The Evolution of the Web and Implications for an Incremental Crawler

Junghoo Cho, Hector Garcia-Molina

Department of Computer Science

Stanford, CA 94305 {cho, hector}@cs.stanford.edu

December 2, 1999


In this paper we study how to build an effective incremental crawler. The crawler selectively and incrementally updates its index and/or local collection of web pages, instead of periodically refreshing the collection in batch mode. The incremental crawler can improve the “freshness” of the collection significantly and bring in new pages in a more timely manner. We first present results from an experiment conducted on more than half million web pages over 4 months, to estimate how web pages evolve over time. Based on these experimental results, we compare various design choices for an incremental crawler and discuss their trade-offs.

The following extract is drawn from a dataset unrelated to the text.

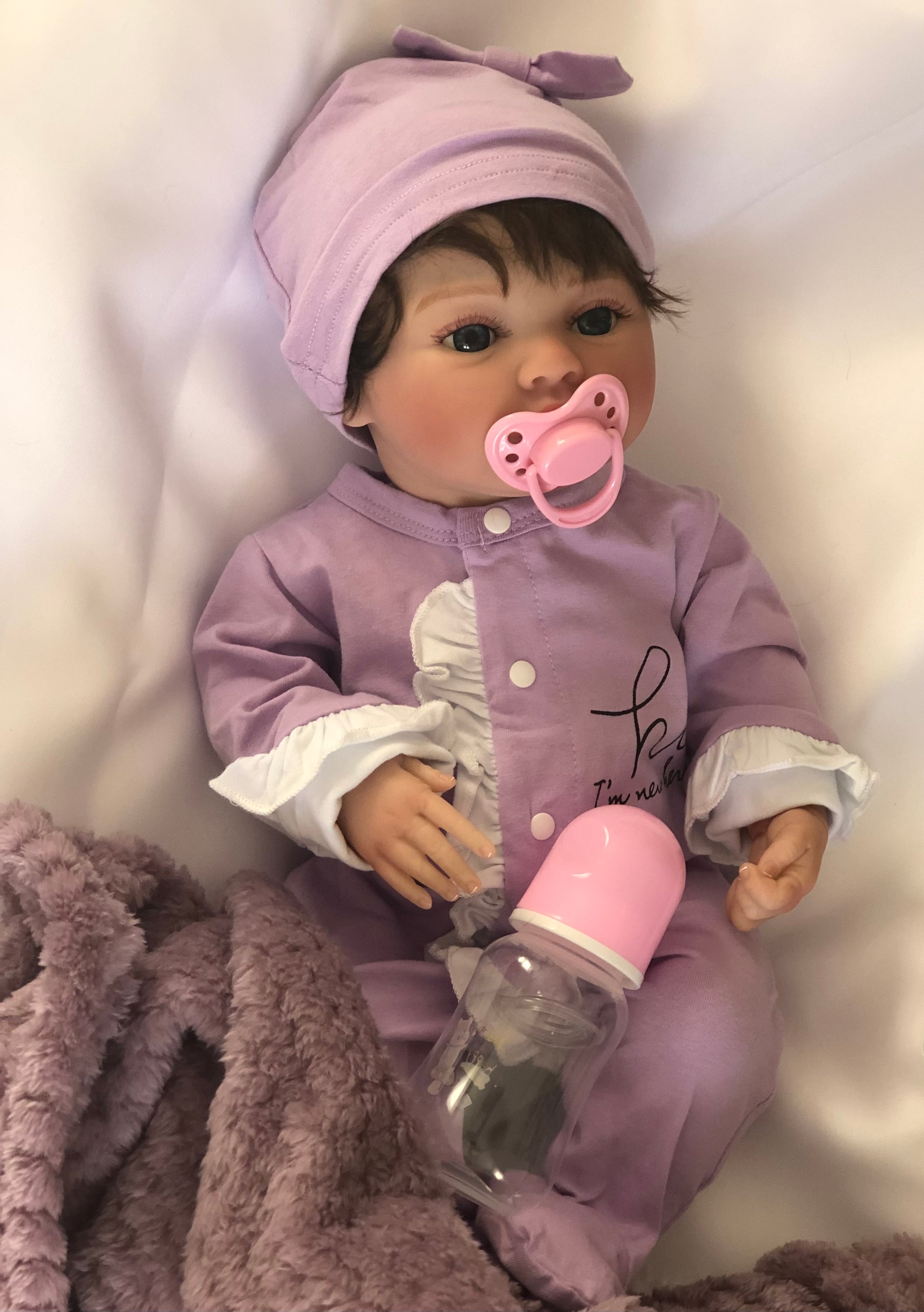 This Adorable Reborn Girl Doll is a lifelike newborn and has realistic details including brown brunette rooted hair, translucent nails, visible veins, hand painted skin, and soft vinyl limbs and viny body. This doll is flexible and allows free movement of the head and limbs.

We propose an architecture for the incremental crawler, which combines the best design choices.

1 Introduction

2 Experimental setup

Our initial experiment tries to answer the following questions about the evolving web:

bull; How often does a web page change?

bull; What is the lifespan of a page?

bull; How long does it take for 50% of the web to change?

bull; Can we describe changes of web pages by a mathematical model?

Note that an incremental crawler itself also has to answer some of these questions. For instance, the crawler has to estimate how often a page changes, in order to decide how often to revisit the page. The techniques used for our experiment will shed a light on how an incremental crawler should operate and which statistics-gathering mechanisms it should adopt.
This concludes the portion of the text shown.